:: Material provided

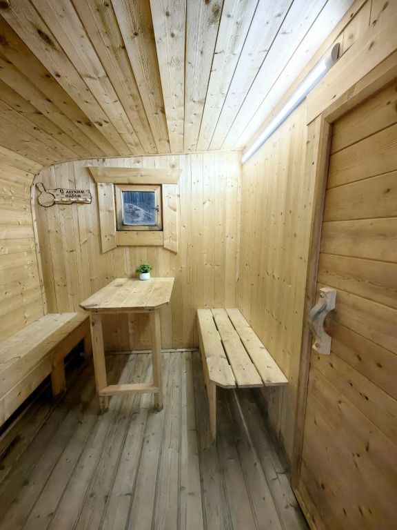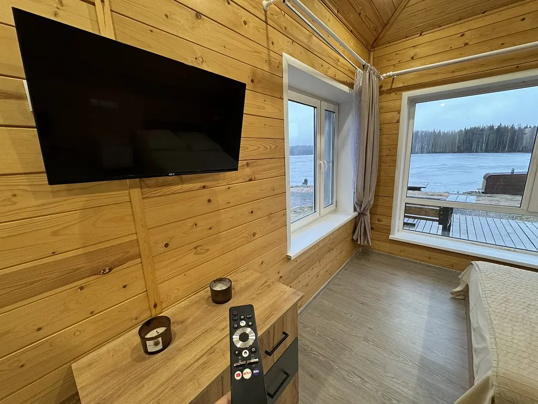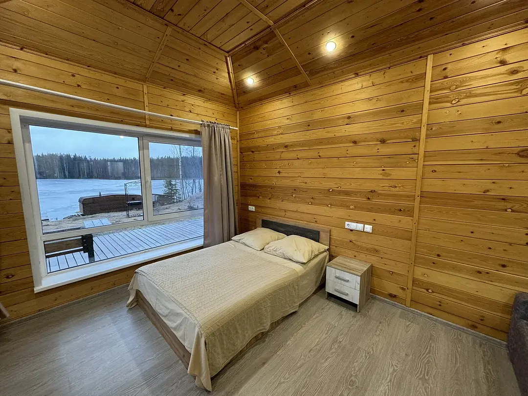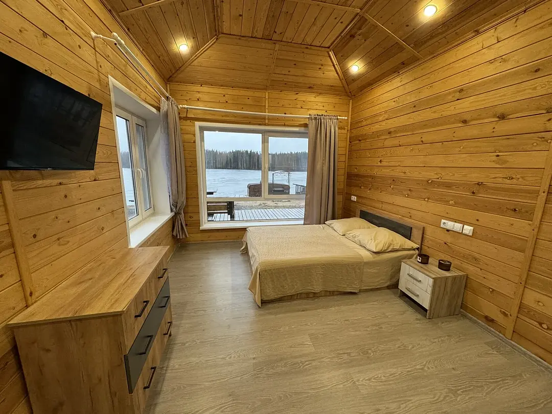 На берегу озера стоит русская баня на дровах — идеальное место для расслабления. После парения гости могут освежиться в кристально чистых водах озера.
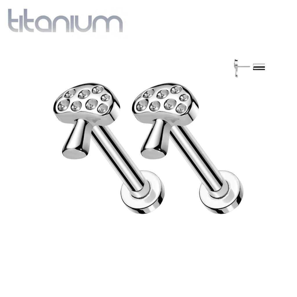 Pair of Implant Grade Titanium Threadless Mushroom Push In Earrings With Flat Back
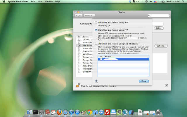 To allow file transfer between your Mac and iPad/iPhone app like Browser 2Go or Download 2i, you first enable “File Sharing” on your Mac, insider your System Preference, click “Sharing”, Click “File Sharing”, Click on “Options”, Select “Share files and folders using FTP”, as shown in the following screenshot:
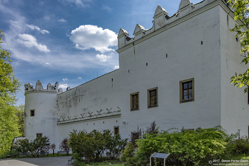Вместе с укрепленной готической церковью Св. Анны и колокольней в стиле ренессанса, усадьба образует исторический центр селения. В её современном облике можно найти следы стилей различных эпох – поздней готики, ренессансной перестройки, барочно-классических переделок. Краткая историческая выставка знакомит с историей усадьбы, и с эволюцией родов, которые принадлежали к дворцу.
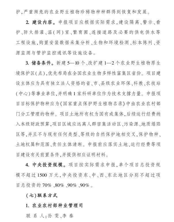 (六)農業野生植物原生境保護區(點)項目,中央財政支持:不超過1500萬;
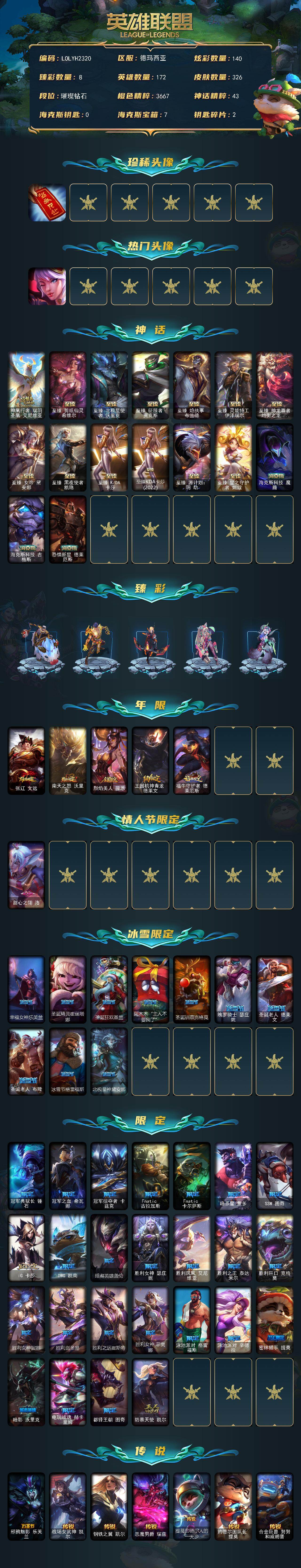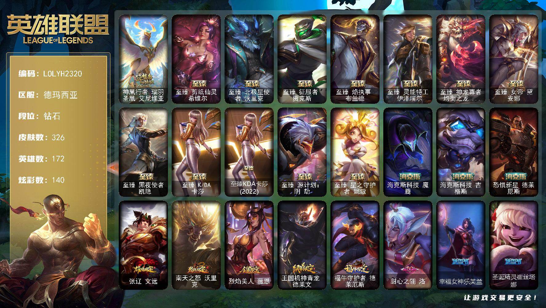 【693085】【LOLYH2320】172英雄/326皮肤/16神话/42限定/8臻彩/140炫彩/39传说/62史诗/钻石/红包/觅心之翼奎因/神凰行者瑞羽凤凰艾尼维亚/至臻剪纸仙灵希维尔/至臻北极星使者沃里克/至臻征服者贾克斯/至臻焰执事布兰德/至臻灵能特工伊泽瑞尔/至臻神龙尊者均衡之龙沃利贝尔/至臻女帝黛安娜/至臻黑夜使者凯隐/至臻K/DA卡莎/至臻KDA卡莎(2022)/至臻源计划:阴

::::

Exactly the lines starting at the one above with "Pair of Implant" and ending at the one with "Вместе с укрепленной" should be printed, and nothing else. Omit the pictures.

 Pair of Implant Grade Titanium Threadless Mushroom Push In Earrings With Flat Back
 To allow file transfer between your Mac and iPad/iPhone app like Browser 2Go or Download 2i, you first enable “File Sharing” on your Mac, insider your System Preference, click “Sharing”, Click “File Sharing”, Click on “Options”, Select “Share files and folders using FTP”, as shown in the following screenshot:
Вместе с укрепленной готической церковью Св. Анны и колокольней в стиле ренессанса, усадьба образует исторический центр селения. В её современном облике можно найти следы стилей различных эпох – поздней готики, ренессансной перестройки, барочно-классических переделок. Краткая историческая выставка знакомит с историей усадьбы, и с эволюцией родов, которые принадлежали к дворцу.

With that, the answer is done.